BioSample records are indexed and searchable, supporting cross-database queries by sample description.

History

The BioSamples database was launched in 2011 to help aggregate and standardise sample metadata. Historically, each archive had created its own convention for sample metadata collection. These usually were limited in their standardisation and had no method to indicate when the a sample was used across multiple data sets. In addition to this, there is a growing awareness amongst the research community that sample metadata is vital for understanding the underlying data. Further, chances for re-use, aggregation and integration of data are increased with improved metadata. The database was initially populated with existing descriptions extracted from SRA, EST, GSS and dbGaP. [2] As of May 2013, the database hosts almost 2 million BioSample records encompassing 18,000 species. [3]

Content

The BioSamples database has doubled in size since January 2012 when 1 million samples were described in the BioSamples database, as of October 2013 2,846,137 samples are available as 80,232 groups. [4] The rapid growth is predominantly due to new data sources, and increased volume of data from existing sources. New data sources include 22,288 samples from The Cancer Genome Atlas, and 920,441 samples from the Catalogue of Somatic Mutation in Cancer (COSMIC). [5]
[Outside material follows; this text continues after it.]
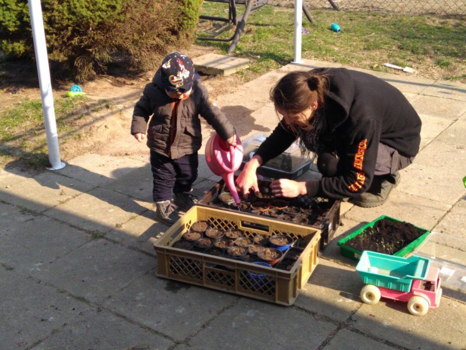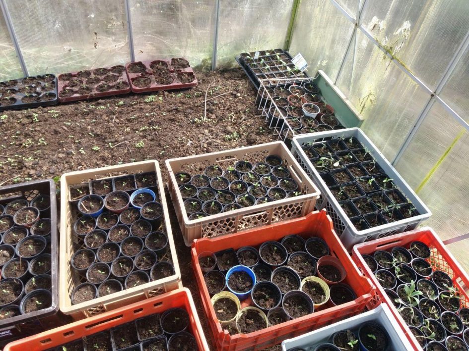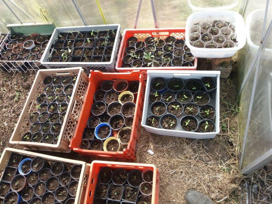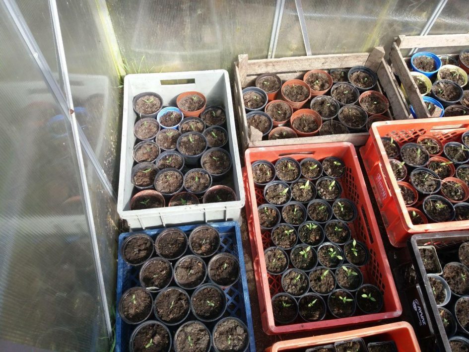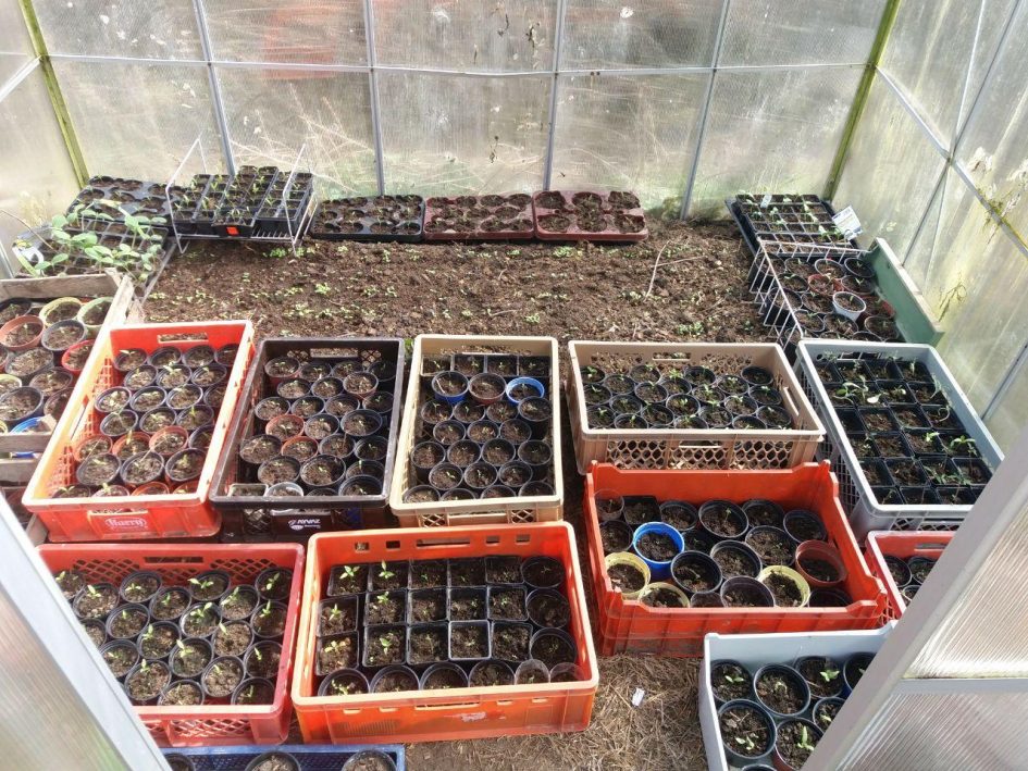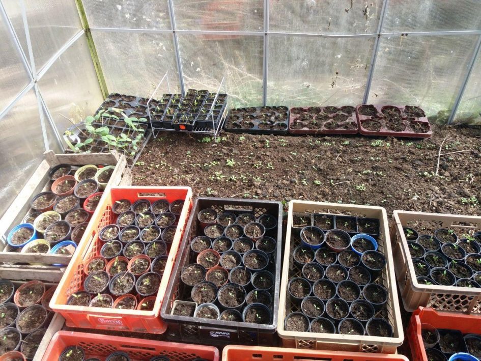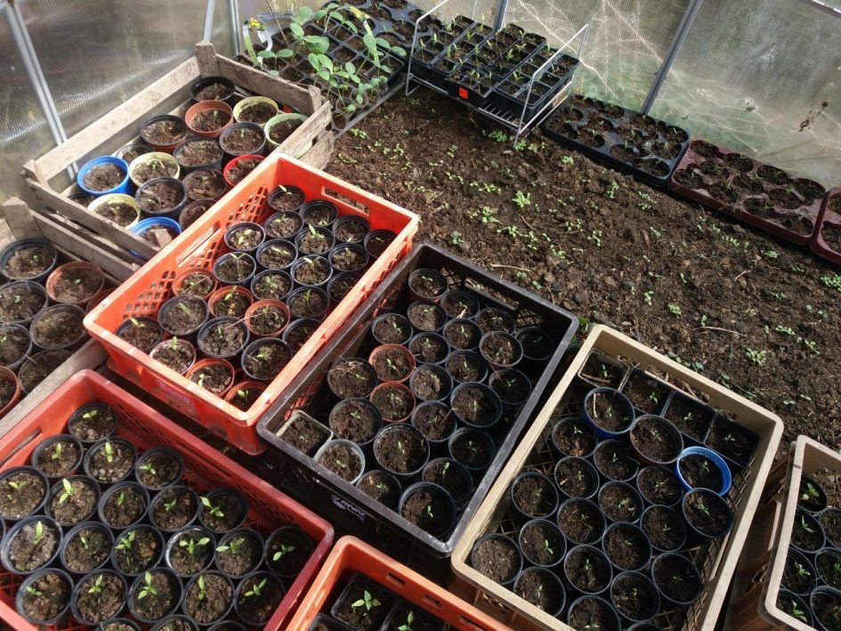 Mit professioneller Hilfe konnten wir jetzt schon fast alle unsere vorgezogenen Pflänzchen pikieren und in größere Töpfe setzen. Dementsprechend ist es jetzt sehr eng im Gewächshaus geworden:

Attributes define the material under investigation using structured name: value pairs, for example:

tissue: liver
collection date: 31-Jan-2013

After specifying the sample type, the user is presented with a list of required and optional attribute fields to fill in, as well as the opportunity to supply any number of custom descriptive attributes. The BioSample database is extendible in that new types and attributes can be added as new standards develop. In addition to BioSample type and attributes, each BioSample record also contains:

IDsAn identifier block that lists not only the BioSample accession assigned to that record, but also any other external sample identifier, such as that issued by the source database or repository.
OrganismThe organism name and taxonomy identifier. The full taxonomic tree is displayed and searchable.
TitleBioSample title. A title is auto-generated if one is not supplied by the submitter.
Description[optional] A free text field in which to store non-structured information about the sample.
Links[optional] URL to link to relevant information on external sites.
OwnerSubmitter information, including name and affiliation where available.
DatesInformation about when the record was submitted, released, and last updated.
AccessStatement about whether the record is fully public or controlled access

The full list and definitions of BioSample types and attributes is available for preview and download. [6]

Data Access

There are a number of ways in which the database can be accessed. The initial release of BioSD to the public only provided access to the database through a web interface. This web interface was subsequently updated in November 2012 and then again in March 2013 following the EBI site-wide re-launch. In February 2013, a public Application Programming Interface (API) was released using a Representational state transfer (REST) system. In October 2013, as a part of the EBI's new RDF platform a SPARQL endpoint was released, providing access to the data in the RDF format. Additionally, the database can be downloaded through EBI's FTP service. [7]

Web Interface

The web interface allows users to access the BioSD database through a web browser. It provides functionality for both searching by sample groups and by samples themselves. The search features incremental search to assist users by providing them with possible search terms as they type. Advanced search is provided and allows users to search by applying the binary terms, AND, OR and NOT, to their search terms. Additionally, a wildcard character can be used to match any combination of characters including no characters. A question mark character can also be used to match any single character. [8] Examples of these can be seen in the following table:

Search queryExample results
mo*se"mouse", "moose", "mose", "mofoobarse"
mo?se"mouse", "moose", "motse"

The web interface also allows users to select search results and view further details of that search result. The detailed view provides further information and makes available a link to the assay database(s) from which the data was sourced. Ordering by columns is also provided.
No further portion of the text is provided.